Как жаль, размышлял Дюрталь, что этот псалом, в первых стихах столь великолепно воспевающий безнадежную скорбь всего человечества, в следующих становится личным высказыванием царя Давида. Да, продолжал он свою мысль, я знаю, что его жалобы следует понимать в символическом смысле, исходить из того, что этот деспот говорит о Божьем деле, как о своем, что враги его — это нечестивцы и неверующие, что сам он, как говорят Учителя Церкви, служит прообразом Христа, — все равно его воспоминания о плотском невоздержании, его надменные поучения своему неисправимому народу сужают размах псалма. По счастью, мелодия живет отдельно от текста, живет собственной жизнью, не замыкается в распрях племени, а распространяется по всей земле, воспевая скорби наступающего времени так же, как времени настоящего и ушедших эпох.
De profundis закончился; после недолгой тишины детский хор начал какой-то мотет XVIII века, но Дюрталя не особенно интересовала гуманистическая музыка в церкви. Гораздо более замечательным, нежели самые прославленные произведения театральной и светской музыки, ему казались старые распевы — монотонная, обнаженная мелодия, воздушная, но с тем вместе и замогильная: этот торжественный клич скорби и восторженный — радости, эти грандиозные гимны человеческой веры, некогда пробившиеся в храмах, подобно неудержимым гейзерам, как будто из-под самых подножий романских столпов. Какая музыка, сколь угодно великолепная, или нежная, или печальная, может сравниться с многоголосым De Profundis, с торжественностью Magnificat [27], с величавой энергией Lauda Sion [28], с восторгом Salve Regina [29], со скорбью Miserere [30]и Stabat Mater [31]со всемогущим величием Te Deum [32]? Гениальные художники силились выразить эти священные тексты. Виттория, Жоскен Депре, Палестрина, Орландо Лассо, {3} Гендель, Бах, Гайдн написали чудные вещи; нередко веяние мистики, дуновение самих безвозвратно ушедших Средних веков даже возносило их ввысь — и все же в их сочинениях всегда оставалось нечто мишурное; как бы ни было, эта музыка горделива перед смиренной возвышенностью, трезвым блистанием григорианского пения — а после них все вовсе прекратилось, потому что композиторы стали неверующими.
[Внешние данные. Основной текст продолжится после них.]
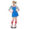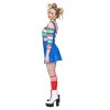If you had to think one single scary film that represents Halloween, it would without a doubt be Child's Play. Chucky plays the role of the terrifying, deadly doll who makes your skin crawl, every single time he's on screen. You can take on the part of this villain, but a slightly less scary version wearing our Womens Chucky Costume. It's a great outfit choice for Halloween parties and nights out, adding a creepy but glamorous finish to the popular character's look. The Womens Chucky Costume consists of cute, bright blue, pinafore-style dress, featuring print detailing all over. The dress also comes with a striped off the shoulder, long-sleeved crop top to be worn underneath. You'll look like the notorious evil doll in no time in the number! Just be sure to create a wacky hair style, splash on some fake blood and nail that creepy walk this Halloween. Now, who's ready to play?
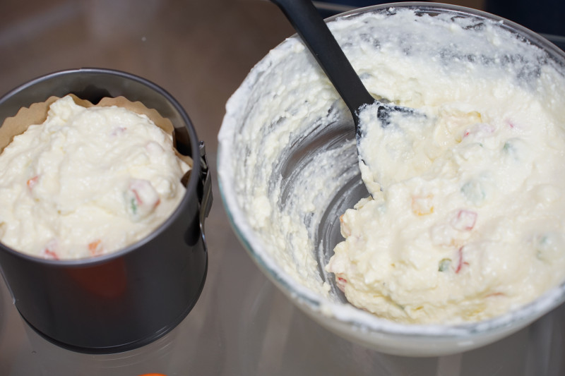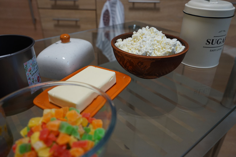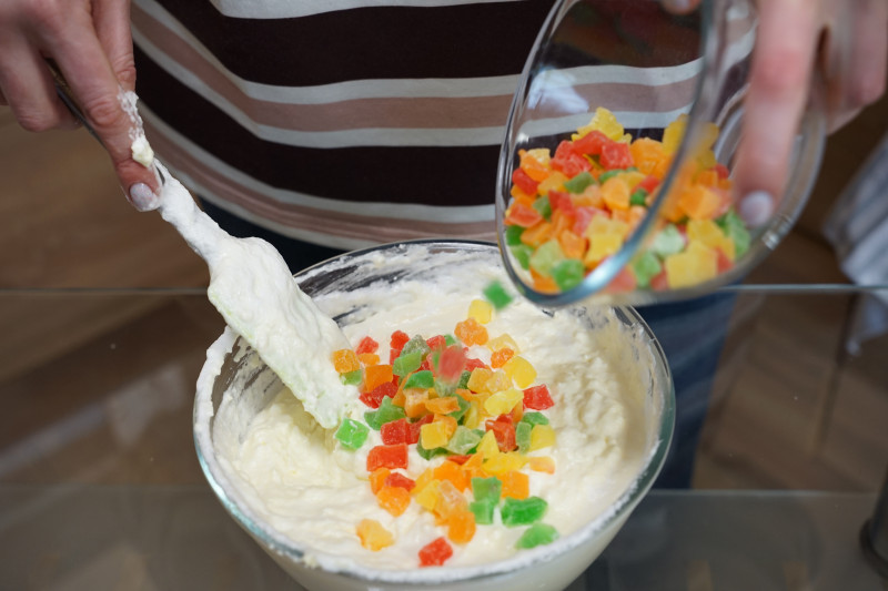 Поступово в так зване тісто вмішуються цукати, й маса перекладається у форму для запікання. Олеся наливає в деку воду, туди ж ставить форму та відправляє все у розігріту духовку на пів години. Поки паска запікається, Олеся збиває ще білки, щоб прикрасити страву.
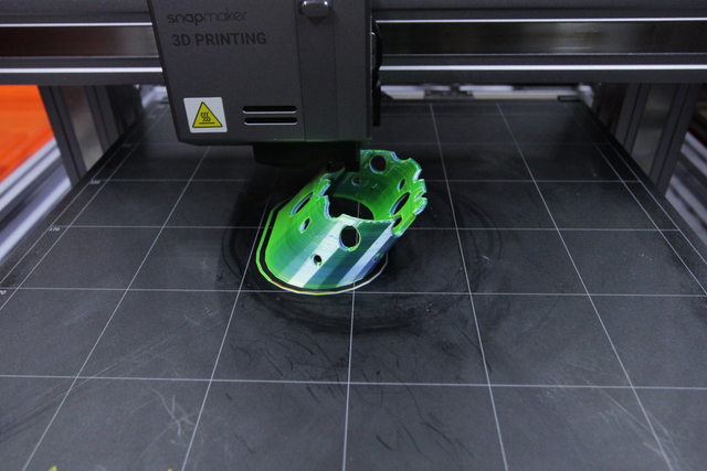 Having built the first horn based on a slightly flawed 3D model (requiring glue between segments and placing the piezos in an angle that makes it difficult to fasten and wire them, difficulty in fixing the screws between segments), printed with remainders of duo-coloured filament, a was able to create a second model that is much better constructed. Each segment is now fastened to the next using three screws, and there are conducts that allow to fasten the screws from the sides. The new horn is very stable, and I began testing the piezos. As of this writing, I attached the three larger piezos towards the ear side. Their sound is a bit disappointing at first, since they are not are attached to any conductive surfaces, by themselves they are very narrow banded in the high frequencies. But I don't want to give up on them and flip them for small coil-based speakers or transducers, I still like their flatness and their brass appearance. Perhaps in a future version, they can be attached to vibrating surfaces, thin ceramic, glass or metal inlays. For now, I want to continue and see if I can make an interesting piece that relies on this faint high frequency sound. The paired and iron-wire-wrapped copper leads to the piezos look great, the only worry is that their stiffness can exert pressure on the piezos themselves when mounting, risking to break off the piezo; and it's still unclear if it will be feasible to thread them from the outer segments all the way to the horn's base.
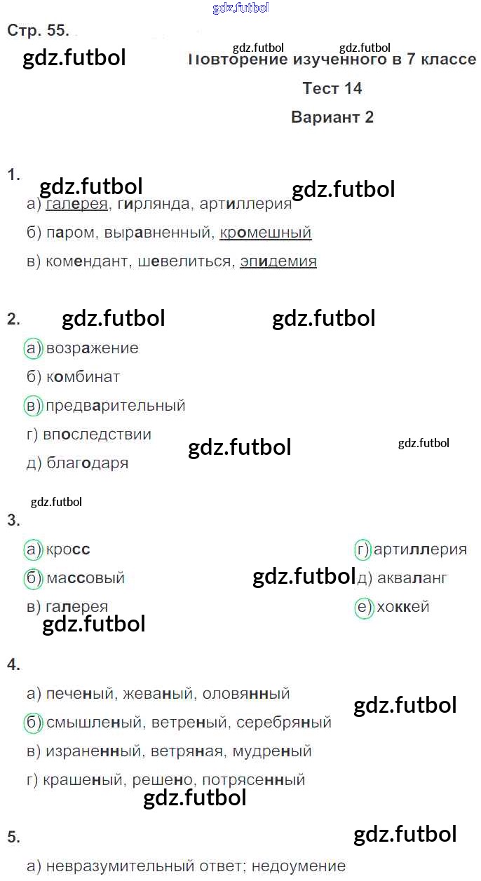 Готовые домашние задания по Русскому языку за 7 класс Книгина Тесты 2012 ФГОС - Часть 2. Страницы 55

Впрочем, в новое время тоже можно упомянуть кое-какие отрывки церковной музыки: Лесюёра, {4} Вагнера, Берлиоза, Сезара Франка, — но и в них чувствуется, что в уголок сочинения забился художник — художник, желающий выставить напоказ свое умение, помышляющий о своей славе, а вследствие этого забывающий о Боге. Перед нами выступают великие люди — но люди, с их слабостями, с неотчуждаемым их тщеславием и даже с чувственными пороками. Литургическое пение, почти все сотворенное безымянными авторами за стенами обителей, шло от источника неземного, без единой прожилки греха, без единого стежка искусства. В нем воспаряли души, уже освободившиеся от рабства плоти, выплески вались надмирная любовь и чистейшая радость, и это был, кроме того, язык Церкви, музыкальное Евангелие, доступное, как и само Евангелие, величайшим знатокам и величайшим простецам.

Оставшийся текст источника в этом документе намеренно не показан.